Когда он вернулся, посуду уже вытирали хлебом.

– Немножко съел. Я так и думал, что не устоит; уж очень запах аппетитный. Наверно он теперь и ещё… Послушай, здесь что-то слишком много. Стой, ты ж мне своё отдаёшь!.. – Потом добавил: – Он едва с ума не сошёл, бедняга. Я это сразу понял, когда он о природе варваров заговорил. Можешь себе представить, что у великого Кира рабская натура – только потому, что он родился в Персии!


Бледное солнце поднимается раньше и набирает силу… Тяжёлые снега с рёвом слетают с крутых горных склонов, скашивая громадные сосны, словно траву… По ущельям, грохоча валунами, пенятся бешеные потоки… Пастухи едва не по пояс проваливаются в мокрый снег, отыскивая ранних ягнят… Александр отложил в сторону свой меховой плащ, чтобы не привыкать к нему так уж слишком. Все парни, спавшие по двое, разошлись по своим кроватям; так что Гефестиона он тоже в сторону отложил, хоть и не без некоторого сожаления. А Гефестион потихоньку подменил подушки, чтобы взять с собой хотя бы запах его волос.

Царь Филипп вернулся из Фракии. Низложил там Керсоблепта, оставил гарнизоны в его крепостях, а в долине Гебра поселил колонистов из Македонии. На земли в той грубой, дикой стране претендовали только те, кто в других местах никому не был нужен, – или наоборот, слишком был нужен, – так что армейские остряки шутили: новый город надо было б назвать не Филиппополь, а Мерзавград. Однако, база там нужна – город основан не зря: он ещё своё послужит. Царь, довольный своей зимней работой, вернулся в Эги, праздновать Дионисии.
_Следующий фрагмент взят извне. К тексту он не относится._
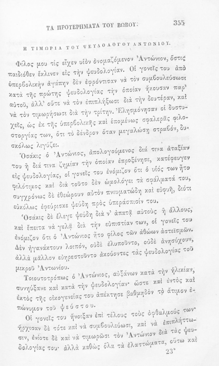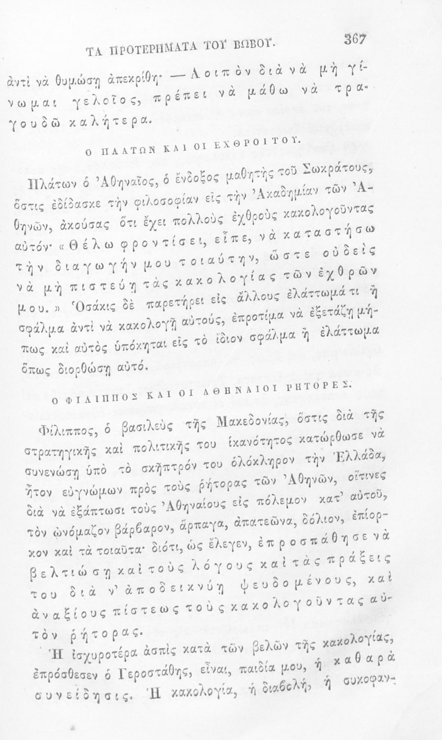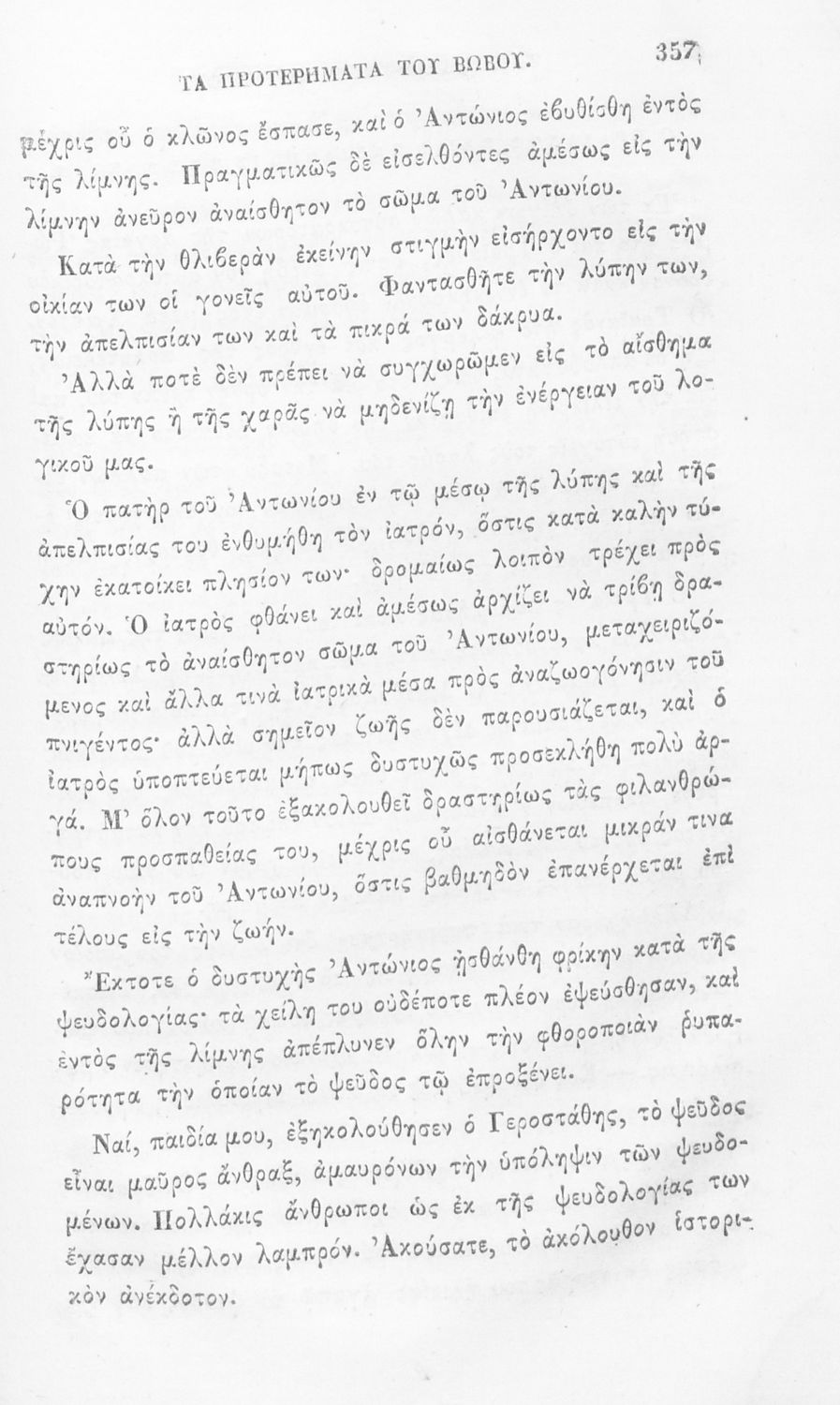 Αναγνωστικό των ανωτέρων τάξεων του Δημοτικού. Το βιβλίο χρησιμοποιήθηκε αρχικά ως ελεύθερο ανάγνωσμα για παιδιά, ενώ στη συνέχεια χρησιμοποιήθηκε ως Αναγνωστικό στο δεύτερο μισό του 19ου αιώνα. Περιέχει αφηγήσεις κυρίως από την αρχαία ελληνική ιστορία και από τη χριστιανική θρησκεία, οι οποίες αποσκοπούν στην εθνική και ηθική καλλιέργεια των μαθητών.
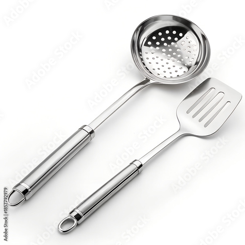 Stainless Steel Kitchen Utensils Slotted Spoon and Turner Spatula Isolated on White Background
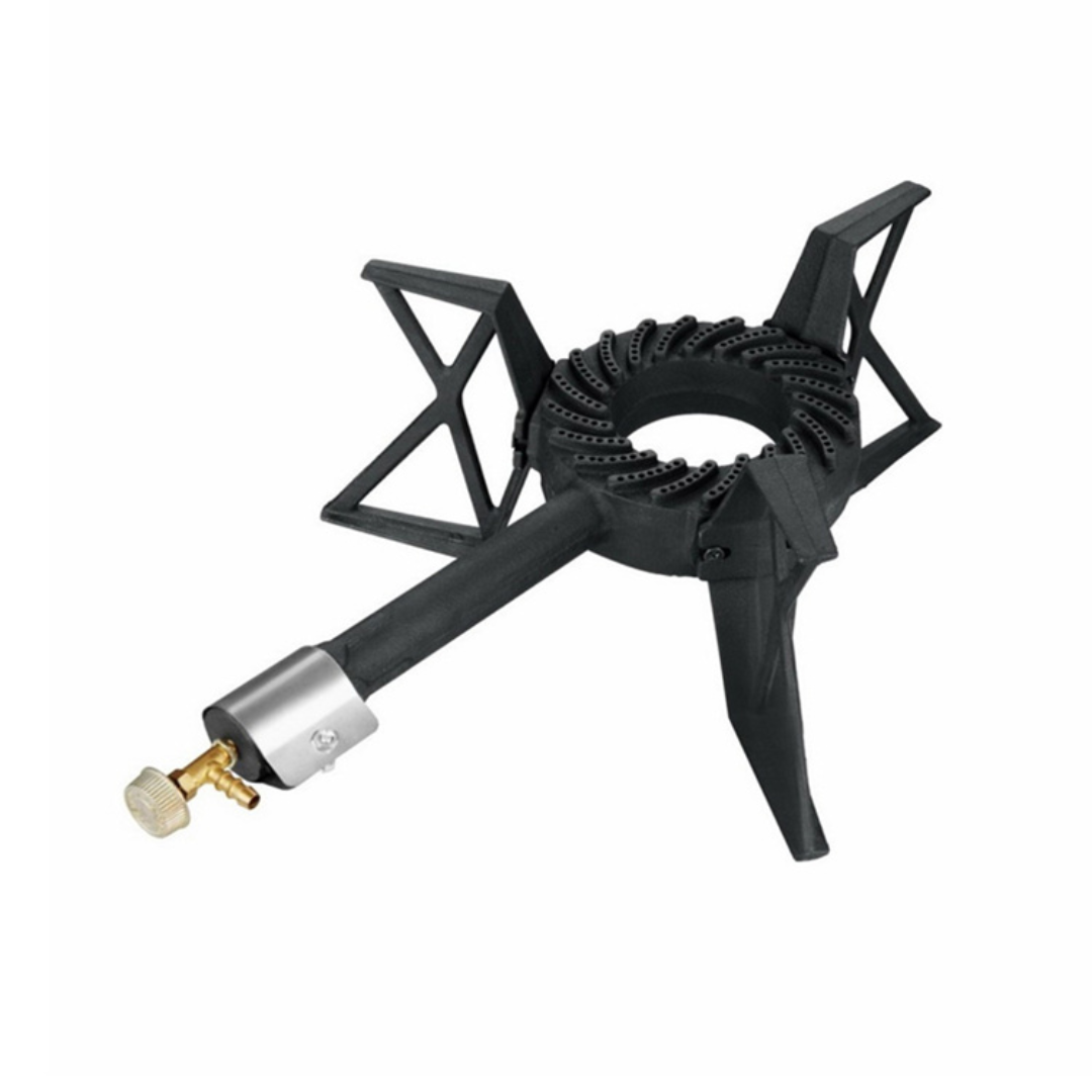 Качество газова горелка, изработена от чугун осигурява силно, дори и стабилно затопляне – перфектно за приготвянето на котли, готвене на зима, яхния или други ястия на открито.
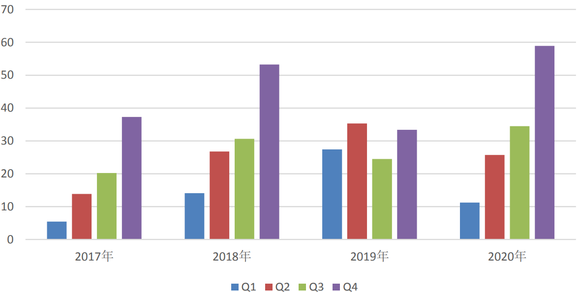 2017-2020年我國新能源汽車季度銷量情況(單位:萬輛,Q4為預測值)數(shù)據(jù)來源:中汽協(xié)
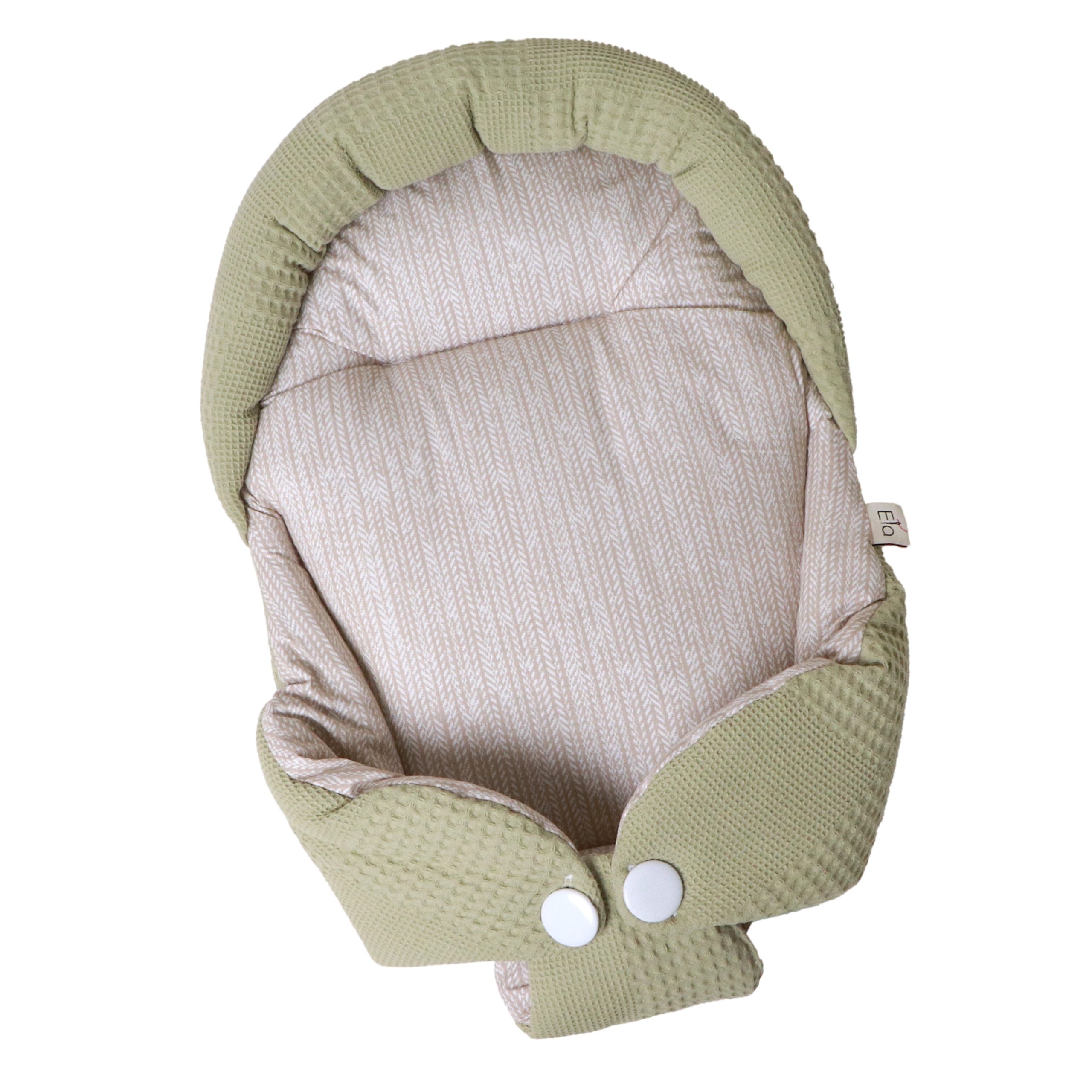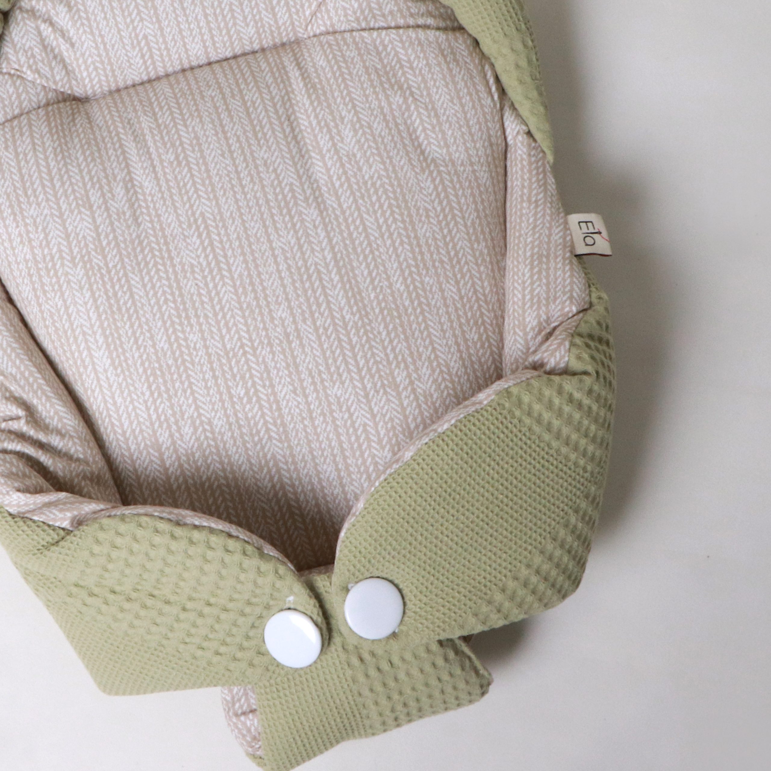 هنگام آغوش گرفتن نوزاد، احتیاط شرط عقل است. بغل کردن‌ نوزاد، در عین‌حال که بسیار شیرین است، سختی‌ها و دستورالعمل‌های ویژه‌ای دارد. آغوش‌گیر اِلا با طراحی ارگونومیک و پارچۀ کاملاً نخ‌پنبه، سه اصل مهم را هم‌زمان فراهم می‌کند: سلامت جسم، سلامت پوست، راحتی نوزاد. راحتی نوزاد به این دلیل است که فرم آغوش‌گیر، بدن نوزاد را در وضعیت طبیعی و جمع‌شده نگه می‌دارد و حس رحم مادر را تداعی می‌کند. به‌هیچ‌وجه پاهای نوزاد را از هم باز نکنید. این حالت پاهای جمع‌شده کاملاً طبیعی است و برای این است که نوزاد هنوز خودش را در شکم مادرش تصور می‌کند. سلامت جسم به این دلیل است که سر و‌ گردن نوزاد در یک‌ حالت نرمال و طبیعی قرار می‌گیرد و فشاری رو ستون مهره‌اش نمی‌آید. سلامت پوست به این دلیل است که پارچه‌ها ۱۰۰٪ نخ‌پنبۀ خالص هستند و هیچ‌گونه الیاف مصنوعی یا مواد شیمیایی در آن‌ها به‌کار نرفته است.
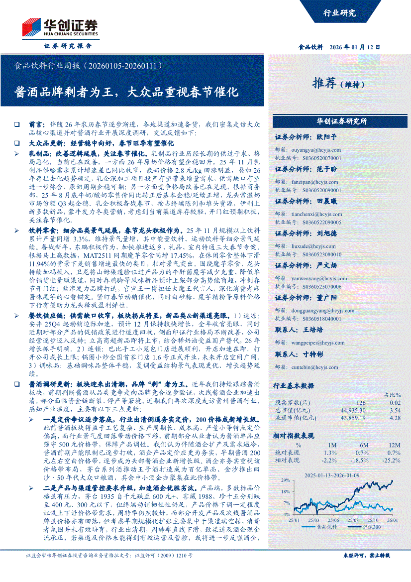 食品饮料行业:华创证券-食品饮料行业周报:酱酒品牌剩者为王,大众品重视春节催化-260112
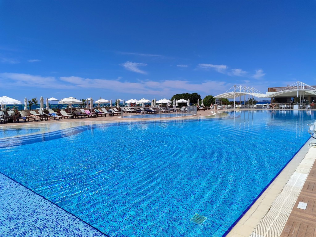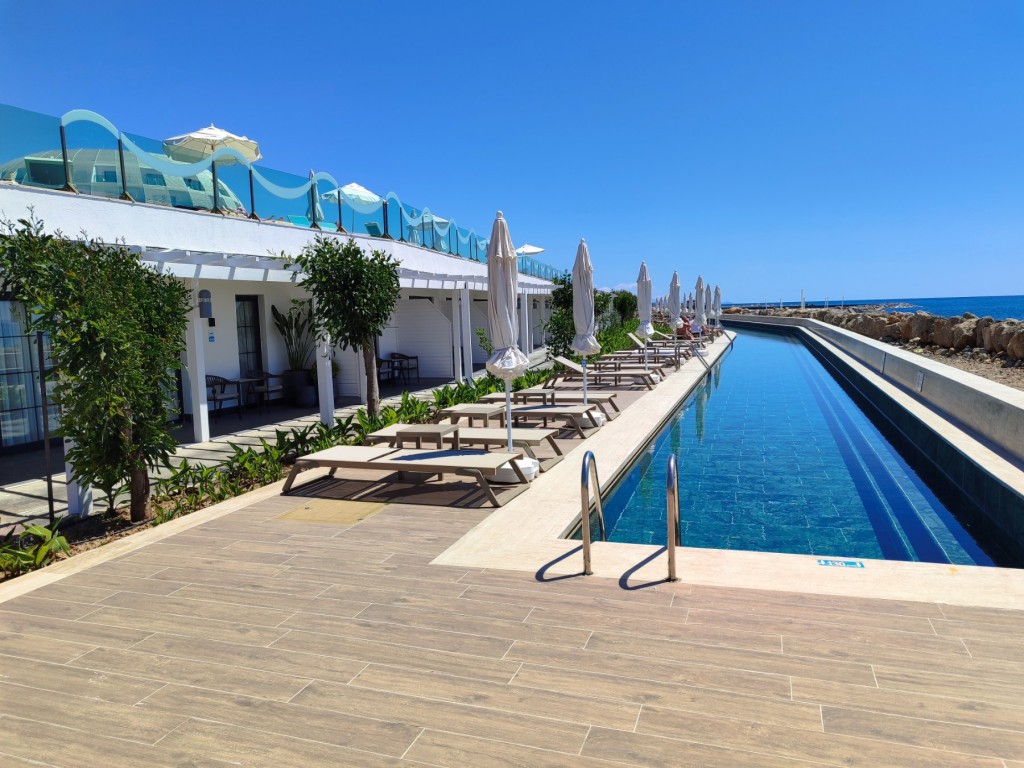В стаите: Хотелът разполага със 157 Deluxe стаи, 43 swim-up стаи (16+) и 2 стаи за инвалиди. Заради атрактивната си форма почти всички стаи имат изглед към морето. Спецификации на стаите - централен климатик, високоскоростен 24-часов Wi-Fi интернет, рум сервиз (таксува се допълниелно), 32" LCD телевизор със сателитна телевизия, минибар, телефон в стаята и банята, сешоар, цифров сейф, кана (чай и кафе), кафе машина Nespresso (4 безплатни капсули).
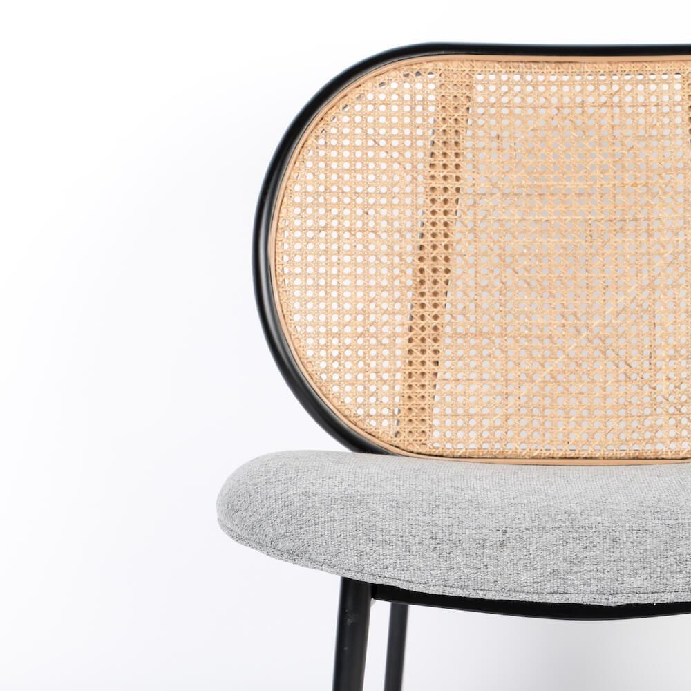 丸みを帯びたフォルムと柔らかな座り心地が魅力のラウンジチェア。軽快な藤張りの背もたれと耐久性の高いポリエステル生地を使用した座面は、中央に綺麗に湾曲し身体を包み込む様に支えてくれる安楽性を持ちます。モダンなデザインながらも主張し過ぎず、あらゆる空間にマッチする美しいアクセントチェアです。
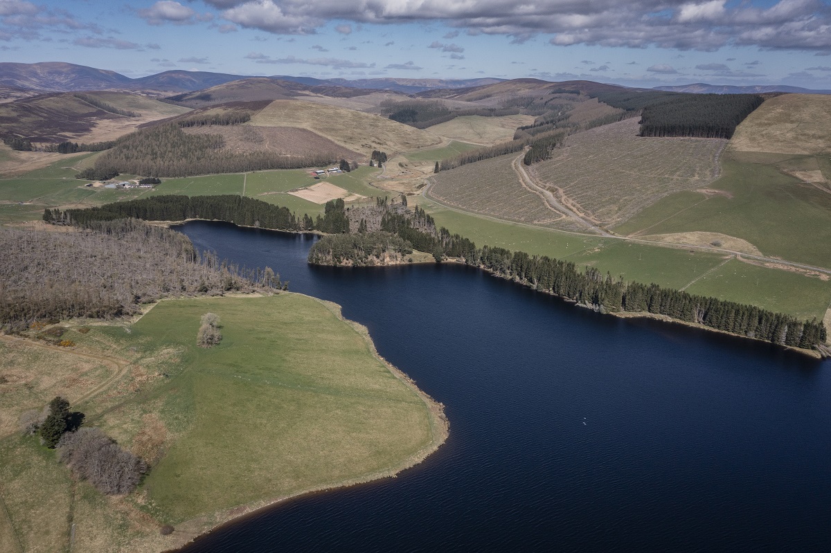 Opened in 1969, Backwater Reservoir links with Lintrathen Reservoir, 2½ miles (4 km) to the south, and supplies water to almost 300,000 people in Dundee, the towns of Angus as well as Coupar Angus, Blairgowrie and the Carse of Gowrie.
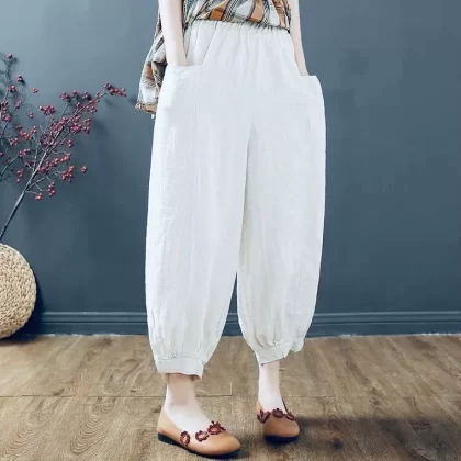 Pure cotton and linen retro casual high waist slimming nine-point literary style
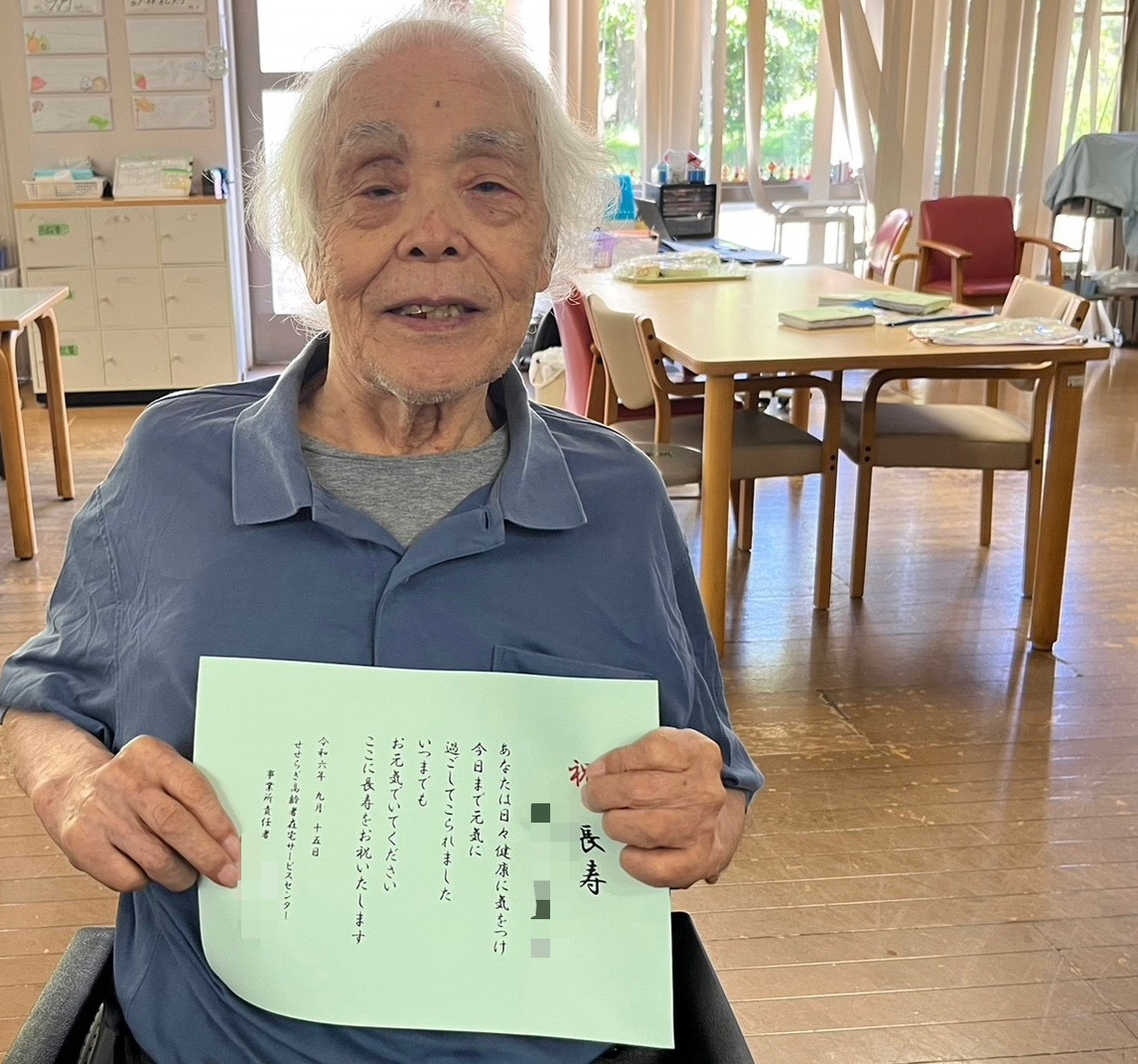 2024.09.15 デイサービス 敬老祭 Tweet シェアする こんにちは、せせらぎデイサービスの郷です。 本日は敬老祭☆彡 みなさん賞状をもらって嬉しそうな様子! これからも元気に頑張っていきましょう♪ 前の記事 2024.09.15 デイサービス ひまわりづくり 次の記事 2024.09.13 デイサービス カラオケ祭り 一覧へ戻る
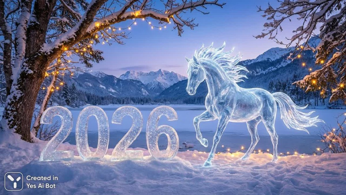 magical picturesque landscape, elegant horse made of sparkling ice, graceful pose next to shimmering "2026" numbers, ambient fairy lights twinkling, serene winter atmosphere, artistic watercolor style.

В Мьезе остались только рабы. А вся школа, вместе с учителем, упаковала свои пожитки и двинулась по дороге, ведущей в Эги вдоль подножия горного отрога. В иных местах приходилось опускаться к равнине, чтобы перебраться через вздувшиеся речки. Задолго до того, как увидели Эги, на лесной тропе, почувствовали как дрожит под ногами земля от далёкого ещё водопада.

Старый, суровый замок был полон огней, ярких тканей и аромата восковой мастики. Театр готовили к представлениям. Полулунная терраса, где стоят Эги, сама похожа на громадную сцену, с амфитеатром из горных склонов, заросших лесом. А о зрителях можно только догадываться, когда ветреными весенними ночами они заглушают даже шум воды своими криками ярости, страха, одиночества или любви.

Царь и царица были уже здесь. Едва шагнув через порог, Александр успел прочесть знаки, в которых стал экспертом за много лет, – и пришёл к выводу, что родители друг с другом разговаривают, по крайней мере на людях. Но вряд ли их можно будет застать вместе. Он впервые отсутствовал так долго. К кому идти здороваться сначала?

Надо начать с царя. Так предписывает обычай; нарушить его – это же прямое оскорбление… И совершенно незаслуженное вдобавок. Во Фракии отец пошёл на некоторые неудобства, чтобы приличия соблюсти, в его честь. И ни одной женщины там не было; и ни разу он не позволил себе даже взгляда лишнего на самого красивого из своих телохранителей, который мнил себя выше всех остальных. А после боя – похвалил по заслугам; пообещал, что даст ему отряд, когда он в следующий раз пойдёт в дело… После этого его обидеть – совсем нехорошо… А кроме того Александру и хотелось его увидеть; у него наверно есть что порассказать.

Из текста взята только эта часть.